適当にググって回ったところ、Rhinoを使ってJavaから外部JavaScriptファイルを呼び出す簡単なサンプルというわかりやすいサンプルを見つけましたので、これをもっと簡単にして、JavaScript を実行する Java スクリプトにしました。
#!/usr/bin/env java --source 11 -cp rhino-1.7.13.jar
import org.mozilla.javascript.Context;
class JavaScriptInJavaScript {
public static void main(String[] args) throws Exception {
var ctx = Context.enter();
var obj = ctx.evaluateString(
ctx.initStandardObjects(),
"'Java' + 'Script'",
"<Java script>",
1,
null
);
System.out.println(obj + " in a Java script!");
}
}
Shebang でクラスパスに Rhino の jar を指定しています。
% curl -OsSL https://github.com/mozilla/rhino/releases/download/Rhino1_7_13_Release/rhino-1.7.13.jar
% chmod +x javascript_in_java_script
% ./javascript_in_java_script
JavaScript in a Java script!
Java スクリプトから 'Java' + 'Script'
という JavaScript を実行できました。
おわりに
いかがでしたか? ジャバスクリプトの概念を崩壊させるのは、やっていてちょっと楽しかったです。
真面目な顔をしてまとめます。
シェル スクリプトは各種 B シェルの細かい挙動の違いを把握できず、bash と特定の Linux ディストリビューションの組み合わせでしか動かないものになってしまいがちです。スクリプト言語を使えばこれを回避できますが、今度は perl や python3 が使えない環境にしばしば遭遇するという欠点があります。

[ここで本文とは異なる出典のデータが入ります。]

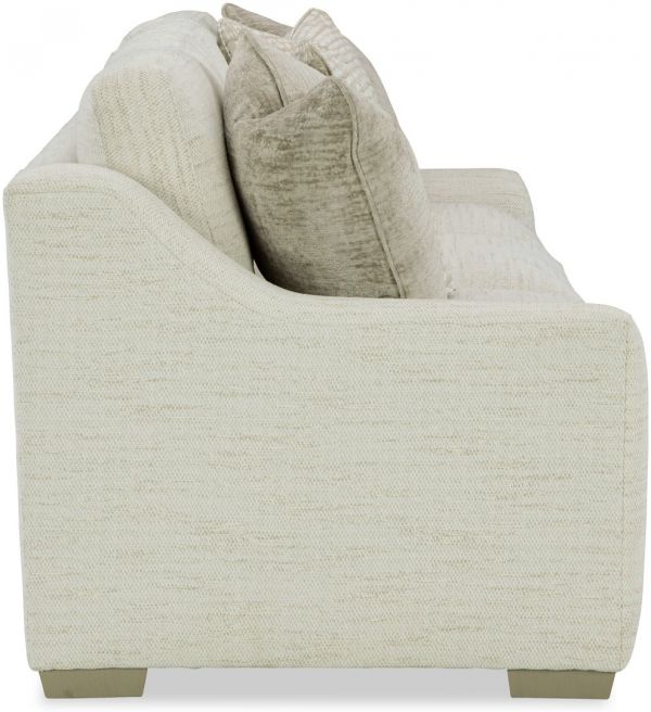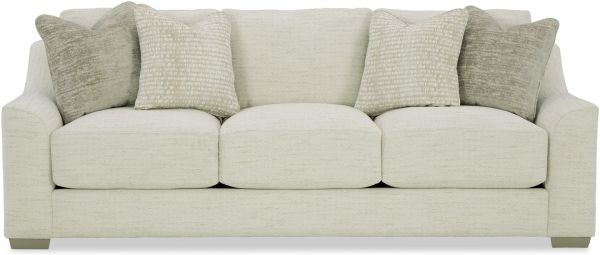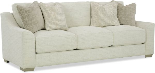 This three-seat sofa with wide sloping arms and low block legs brings a bold, modern look to any space. It features French-seaming, plush 8" Blend-Down seat cushions, and loose back pillows, for optimum comfort and relaxation. Two pairs of LuxDown toss pillows come standard.
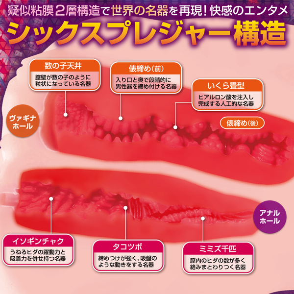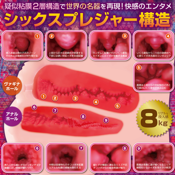 成人女性のまんま実物大サイズの臨場感溢れるリアルなフォルム!世界の名器を完全網羅したシックスプレジャー構造の大型非貫通オナホールです。大きさは「成人女性の実物大サイズ」でスリーサイズの「ヒップ85cm相当」のリアルボリューム。臭い控えめサラサラ触感の「人肌素材」を使用していますので、股間やヒップに顔をうずめる〜などのフェチプレイもお楽しみいただけます。

一方で Java スクリプトを動かせる JDK の2 java コマンドは、Java 11 以降で開発している案件では高確率で利用できる、静的型付けである、Java プログラマーにとって移植性の確保が容易であるなどの特長がありますので、利用するスクリプト言語の候補として検討に値すると思います。
私にはまだちょっと実務で使う度胸はありませんが、読者の皆様におかれましては、"Write once, run anywhere3" な Java スクリプト4に挑戦してみるのも面白いのではないでしょうか。ご報告をお待ちしております。